4. türkiye de bulunan konaklama yerlerinde göstermiş oldukları kaprisleri veya egoları acaba orada da gösterebilmişlermidir.?
bu maddeler çok sıralanabilir.
bizde ucuz olsun 4 dörtlük hizmet alalım mantığı olduğu müddetce zor.

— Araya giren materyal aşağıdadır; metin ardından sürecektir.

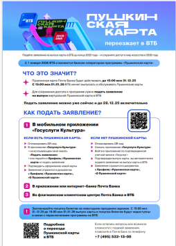 Для получения новой виртуальной карты необходимо до 28.12.2025 подать заявление одним из способов:через мобильное приложение «Госуслуги.Культура»;лично в любом отделении Почта Банка или Банка ВТБ; онлайн в приложении Почта Банк.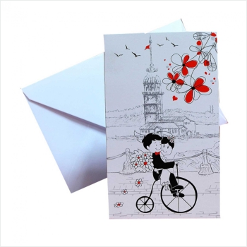 İç baskı kağıtları sade olarak tercih edilebilen modellerin zarflarına bisiklet figürleri uygulayabilmek mümkün olmaktadır.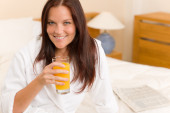 śniadanie - uśmiechający się ze świeżego soku pomarańczowego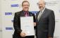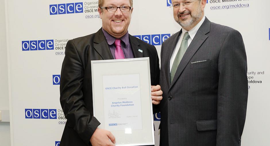 OSCE Secretary General Lamberto Zannier (r) hands over a 2012 OSCE Charity Ball donation certificate to John McKellar, Country Manager of the Angelus Moldova, a hospice for patients with cancer and other life-threatening illnesses, Chisinau, 17 July 2012. (OSCE/Igor Schimbător)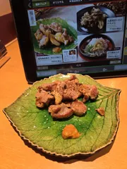 福地鶏塩焼き~柑なんば添え~福地鶏は銘柄鶏❓タブレットの説明によりますと広い鶏舎でストレスなく平飼い飼育された鶏で肉はしっかりとした歯ごたえがあってジューシーらしい🤔確かに歯ごたえはありました🐔柑なんばとは唐辛子のことを「なんば」と言うらしく、ここでの柑はゆずらしいです🤔柑なんばが鶏肉にマリアージュ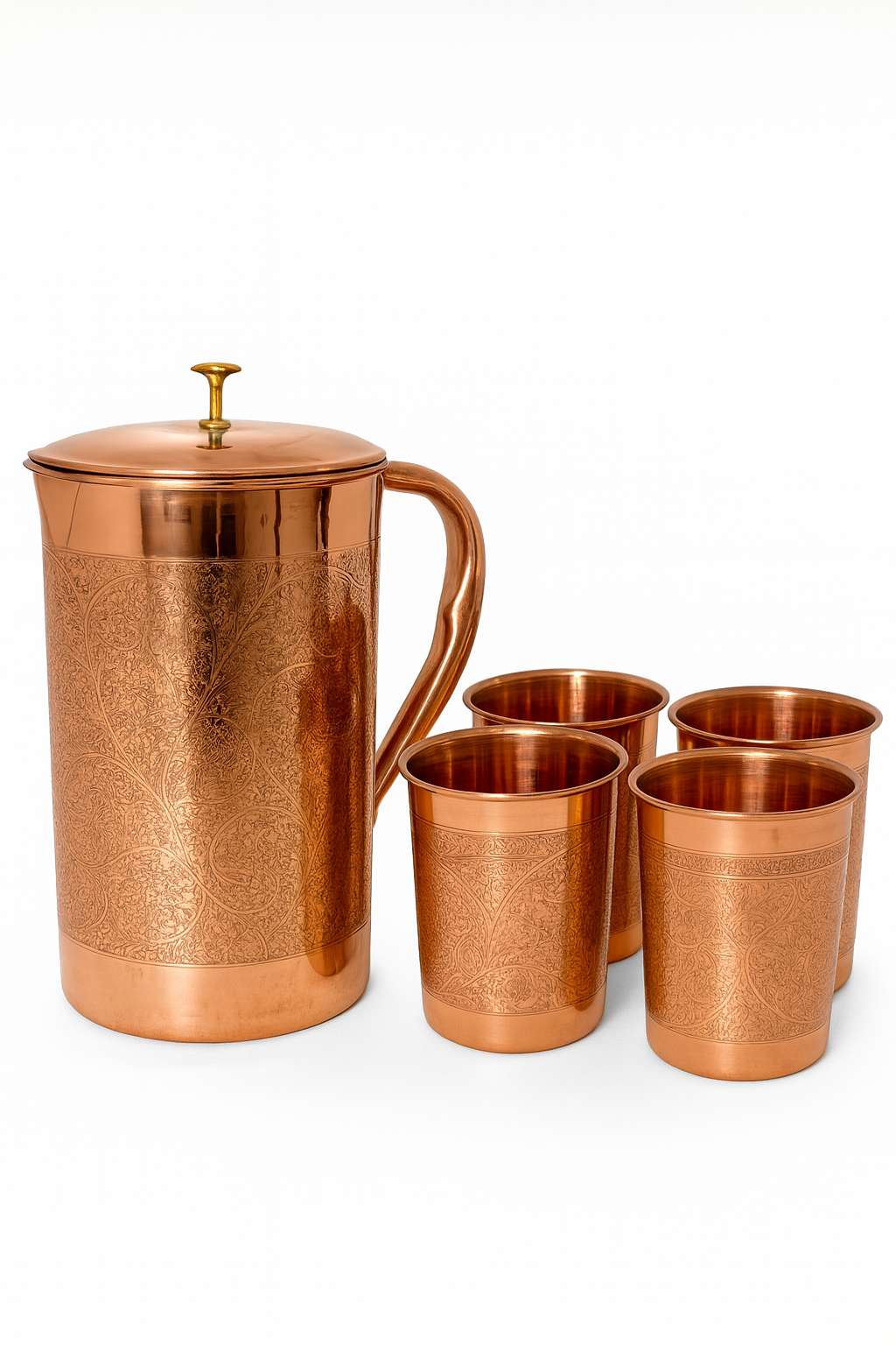 W Ajurwedzie przechowywanie wody w miedzianych naczyniach przez noc i picie jej rano jest prostym rytuałem sprzyjającym wewnętrznej równowadze. Dzbanek miedziany YAMINA pozwala przygotować wodę „tamra jal” dla kilku osób, a cztery kubki miedziane tworzą gotowy komplet do wspólnego picia – bez potrzeby sięgania po inne naczynia.
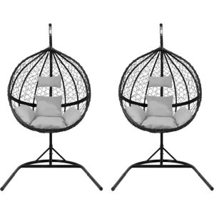 Experience the ultimate in relaxation with these stylish and durable black hanging egg chairs, designed to bring comfort and elegance to your indoor or outdoor space. Crafted from high-quality black PE rattan with a robust powder-coated steel frame, these chairs offer a perfect blend of strength and sophistication. Whether placed in a cosy corner of your living room or as a standout feature in your garden, these hanging chairs provide a serene retreat where you can unwind in style. Built for lasting durability, the black PE rattan frame is 20mm thick, reinforced with 3.9mm rattan wire, ensuring resilience against daily use and the elements. The sturdy metal frame supports up to 150kg, making it a reliable choice for individuals seeking comfort and stability. The chairs come with luxuriously thick polyester cushions providing exceptional comfort. These cushions are not only fire-resistant for added safety but also feature removable and washable covers, ensuring effortless maintenance.

belki bazı arkadaşların zoruna gidecek ama türkiye deki oteller, hizmet, doğa ve tarihi yerler hiç bir yerde yok ancak buraların korunması ve işletilmesi konusunda sıkıntılar var sanırım onlarda zamanla düzelir işallah.....
saygılarımla.....
-
Sadece deniz,güneş, kum diye turizm yaparak ancak buraya kadar gelinirdi.
-
Bence turk turizmindeki en onemli sorun plansiz buyume.Bence cogu otel sahibi yatirimlara fizibilite calismasi yapmadan karar veriyorlar. Bazen sadece prestij amacli yatirim yapanlar bile var. Yatirimlari en kisa surede yani 1 yada 2 sene icinde cikarmaya calisiyoruz. Buna ac gozluluk demek. Turisti kaziklanacak insan olarak goruyorlar. Once hizmet vereceksin sonra o sana gelir olarak geri doner. Uzun seneler sonra Cesme de ailemle tatile gittik. Tabiki bayramdan once. Otel yerine sehir icinde bir pansiyonda kaldik. Ve her gunumuzu odanin disinda tum koylari gezerek gecirdik. Sabahlari firindan boyoz yumurta yiyerek cayla beraber Cinar altinda kahvalti yaptik. Cok muhtesemdi. Luks bir otelden kalmaktan daha cok zevk aldik. Boylece esnafta kazandi sadece otel sahibi degil. Odanin manzarasinin ne onemi var eger butun gununuzu odada gecirmiyorsaniz. Yunan adalarinda Turklere insan muamelesi yapiyorlar yolunacak kaz degil.
-
Elinize sağlık Serdar bey, bir cümleyle en doğru analiz!
-
En önemli nedenler bunlar mı? Siz bilmiyorsanız en önemli nedenleri, bu yazıları bilenler yazsın.
-
Hepimizin söylemeye çalıştığı söylemler benzer aslında.Ama artık gerçekten kara tarafında Otel fiyatları yüzde 25-50 yükseldi.
-
Eda Hanım,
Çok güzel bir analiz yapmışsınız. Benim kişisel görüşüm bizim millet olarak ekonomi ve ticaret konusunu henüz keşfetmemiş hizmeti de anlamamış olduğumuzdur. Tesadüf bu konuyla ilgili hazırladığım yazımı Pazartesi yollamış olacağım.
-
Tüketim toplumu olduk, artık hiç bir şey bizi memnun etmeyecek.